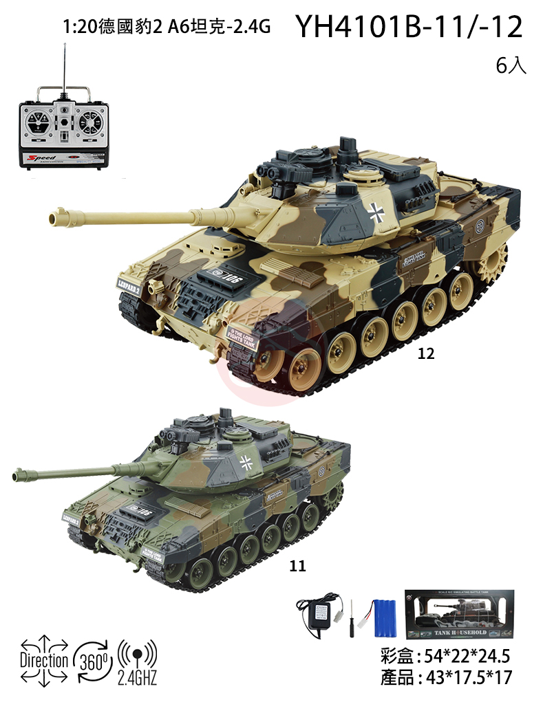 【型號YH4101B-11/-12】1:20德國豹2 A6坦克-2.4G
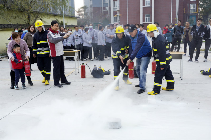 首先培训人员为大家讲解了遇到火灾如何报警、如何扑救初起火灾、发生火灾时的逃生方法和注意事项以及如何使用灭火器等消防知识,强调发生火灾造成人员伤亡和财产损失的危害性,要求严格按照消防法律要求,强化火灾预防工作。随后,组织参训人员开展实操演练,在空地上升起火盆,培训人员讲解演示扑救初起火灾的正确操作流程及注意事。最后部分师生和保洁人员在工作人员的指导下,亲自上场体验灭火实操。
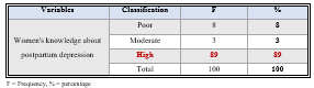 Figure 4. Table (4.1 ): Assessment Women's Knowledge about Postpartum Depression
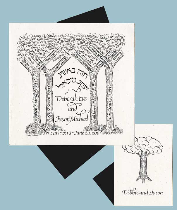 Family Tree invitation set, showing invitation cover and thank you folder cover.
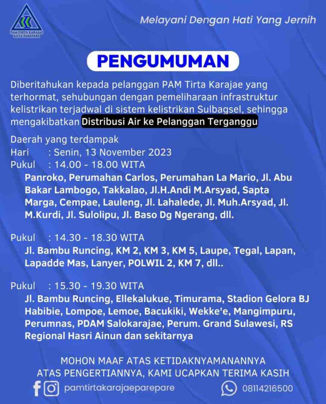 Melalui akun media sosial resminya, PAM Tirta Karajae mengumumkan beberapa wilayah terdampak akibat gangguan distribusi air itu pada jam-jam tertentu.
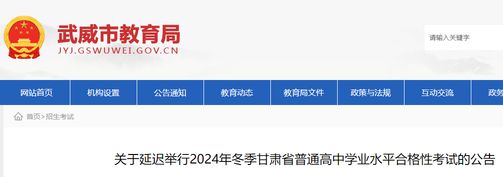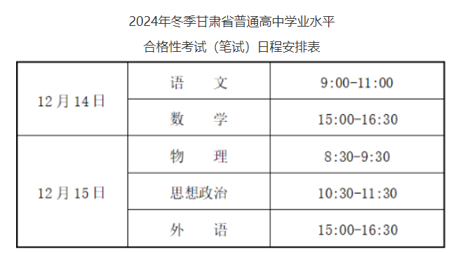 從武威市教育局了解到,2024年冬季甘肅普通高中學(xué)業(yè)水平合格性考試延遲舉行的公告已公布,(筆試)延遲至2024年12月14日-15日舉行。具體如下:

▶ [The problem]: The entries are to be restated word for word, and no picture should appear in the copy.

▶ [Answer to the problem]:
 【型號YH4101B-11/-12】1:20德國豹2 A6坦克-2.4G
 首先培训人员为大家讲解了遇到火灾如何报警、如何扑救初起火灾、发生火灾时的逃生方法和注意事项以及如何使用灭火器等消防知识,强调发生火灾造成人员伤亡和财产损失的危害性,要求严格按照消防法律要求,强化火灾预防工作。随后,组织参训人员开展实操演练,在空地上升起火盆,培训人员讲解演示扑救初起火灾的正确操作流程及注意事。最后部分师生和保洁人员在工作人员的指导下,亲自上场体验灭火实操。
 Figure 4. Table (4.1 ): Assessment Women's Knowledge about Postpartum Depression
 Family Tree invitation set, showing invitation cover and thank you folder cover.
 Melalui akun media sosial resminya, PAM Tirta Karajae mengumumkan beberapa wilayah terdampak akibat gangguan distribusi air itu pada jam-jam tertentu.
 從武威市教育局了解到,2024年冬季甘肅普通高中學(xué)業(yè)水平合格性考試延遲舉行的公告已公布,(筆試)延遲至2024年12月14日-15日舉行。具體如下:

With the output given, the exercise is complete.